Popay, Rogers and Williams recognize that there are multiple approaches to developing evaluative criteria for qualitative research and that these approaches vary by epistemology.  Nevertheless, they identify the following as one set of criteria for evaluting qualitative research:

Does the research illuminate the subjective meaning, contexts and actions of those being investigated?

  • Does the report show how behaviors are understood from within the culture, social setting or group being studied?
  • Do the researchers find ways of giving lay knowledge equal worth to other forms of knowing?
  • Does the research study how people act, employ knowledge and experience and understand the phenomenon of interest?

Is there evidence of responsiveness to the social context and flexibility of design?

Is there evidence that the research design was flexible and the researcher was responsive and adapted to the social circumstances of the study (as needed)?

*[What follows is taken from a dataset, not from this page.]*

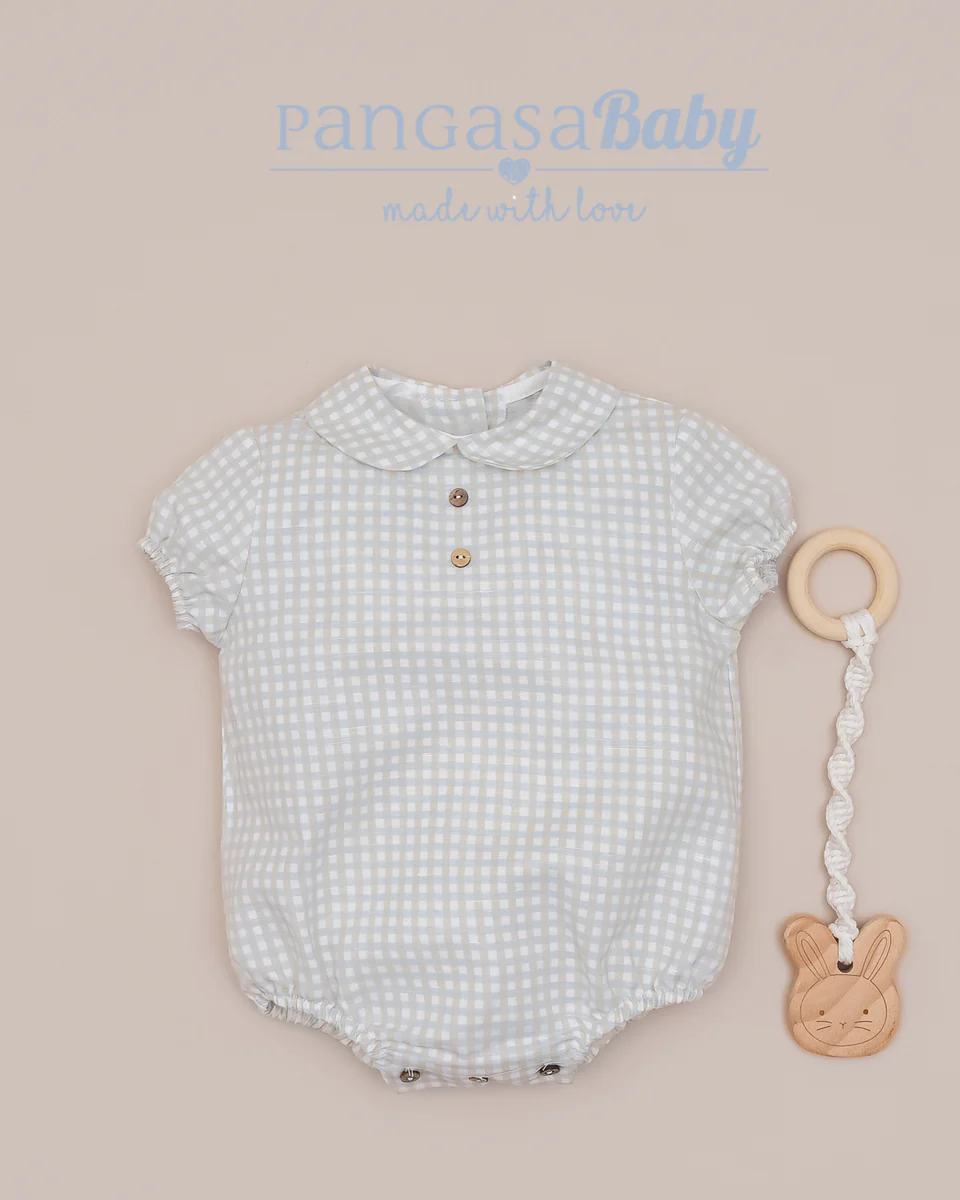 🍼 Pelele Tela Cuadros Celeste Empolvado – Pangasa Baby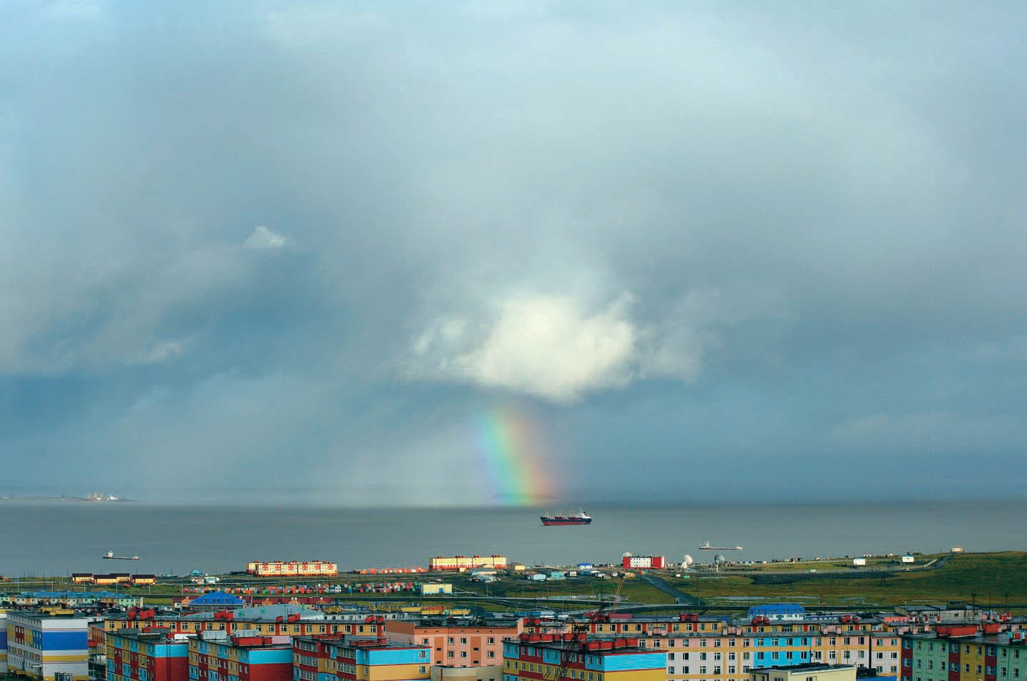 Над Анадырем встает утро. Дома были покрашены в разные цвета во время губернаторства Романа Абрамовича, чтобы жители города не впали в депрессию из-за зимнего бесцветья и долгой пурги. В Анадыре нет деревьев. Его площадь — двадцать квадратных метров; от начала и до конца можно пройти за двадцать минут. В городе живет пятнадцать тысяч человек, и сейчас они не спеша идут на работу. Открываются магазины. В супермаркете, стоящем неподалеку от администрации города, полкилограмма красной икры можно купить за полторы тысячи рублей, бананы — за семьсот рублей, огурцы — за шестьсот восемьдесят пять. Зимой, когда навигация закрыта, они стоят еще дороже, а цена килограмма белокочанной капусты доходит до восьмисот рублей.

Evidence of theoretical or purposeful sampling

  • Does the sample produce the type of knowledge necessary to understand the structures and processes within which the individuals or situations are located?
  • Is the process by which individuals and cases are selected adequately described?  Is a rationale provided?  Does it make sense?

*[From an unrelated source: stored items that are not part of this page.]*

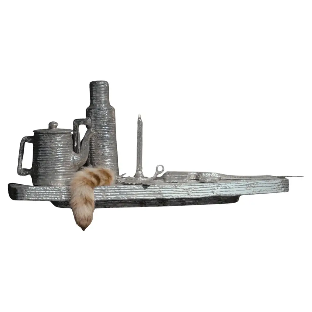Large Pewter Sails, Natural Stained Wood Base Boat Sculpture, Pewter Metal Sails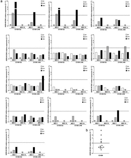 Individual representation of Human Endogenous Retrovirus W Envelope (HERV-W ENV) mRNA expression in macrophages infected by Coxsackievirus B4 (CV-B4). Macrophages from 13 healthy donors were prepared as previously described in the legend of Figure 5. Total RNA was extracted from the cells 6, 24, and 48 h post infection with TriReagent, and the level of intracellular HERV-W ENV mRNA in each culture was assessed in duplicate using RT-qPCR normalized with beta-actin mRNA expression. Each result is the mean of two or three determinations; furthermore, each RT-PCR datum is the mean of two technical duplicates. The relative expression of HERV-W ENV mRNA in CV-B4 E2-infected cultures compared with that in mock-infected cultures is calculated using the 2-ΔΔCt method. (a) The individual relative expression of HERV-W ENV for each culture is shown. ND: not done due to an insufficient number of cells. (b) The maximum individual relative expression of HERV-W ENV for each culture is shown. The dashed line represents a relative expression of 2.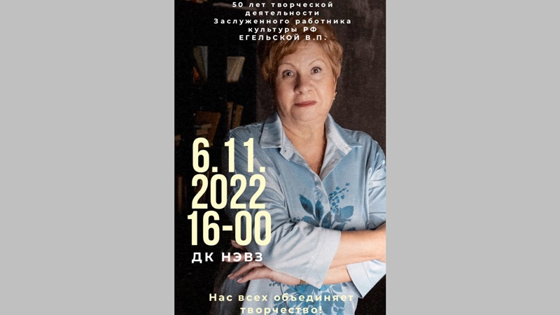 В Новочеркасске в ДК НЭВЗа 6 ноября в 15:00 пройдет творческая встреча, посвященная 50-летию деятельности заслуженного работника культуры РФ Валентины Егельской «Нас всех ведет Творчество! Полвека бурлит жизнь!».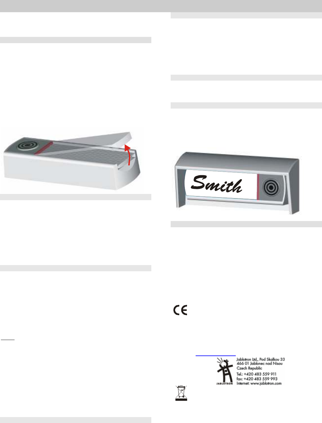 Jablotron Ltd Wireless doorbell button Exhibit 7 Instruction manual RC89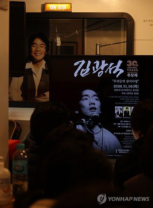 (대구=연합뉴스) 박세진 기자 = 6일 가수 김광석 30주기를 맞아 추모행사가 열린 대구 중구 김광석스토리하우스(기념관)를 찾은 시민들이 김광석을 떠올리며 추모 공연이 시작하기를 기다리고 있다. 2026.1.6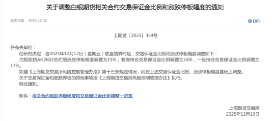 12月10日晚,上海期货交易所(下称“上期所”)发布通知,调整白银期货相关合约的交易保证金比例及涨跌停板幅度,以应对近期市场波动并强化风险防控。

Evidence of adequate description - this is the richness of the findings and interpretation of data that the research produces

  • Is the description provided detailed enough to allow the researcher/reader to interpret the meaning and context of what is being described?
  • To what extent does the text show evidence of or support the description or interpretation the researcher provides?

Evidence of data quality

  • How are different sources of knowledge about the same issues compared and contrasted (triangulation)?  It is not expected that accounts will coincide, but that multiple data sources will help illuminate different facets of the reality under investigation.
  • Are participants' subjective experiences and local knowledge treated as knowledge in its own right?
  • To what extent has the researcher rendered transparent the processes by which data were collected, analyzed and presented (audit trail)?  This includes describing the time, extent and natures of the researcher's involvement in the social situation (reflexivity).

Evidence of theoretical and conceptual adequacy

  • Interpretive validity - how does the researcher move from a description of the data to quotation of examples, to analysis and interpretation of the meaning of data?  What kind of method is used (e.g. constant comparative method)?

Potential for assessing typicality

  • What claims are being made for the generalizability of the findings to either other bodies of knowledge or to other populations or groups?
  • Reports should provide enough background information to make judgments of typicality with regard to the features of a case or a sample


Reference

Popay, J., Rogers, A., & Williams, G. (1998). "Rationale and standards for the systematic review of qualitative literature in health services research." Qualitative Health Research. 8(3), 341-351.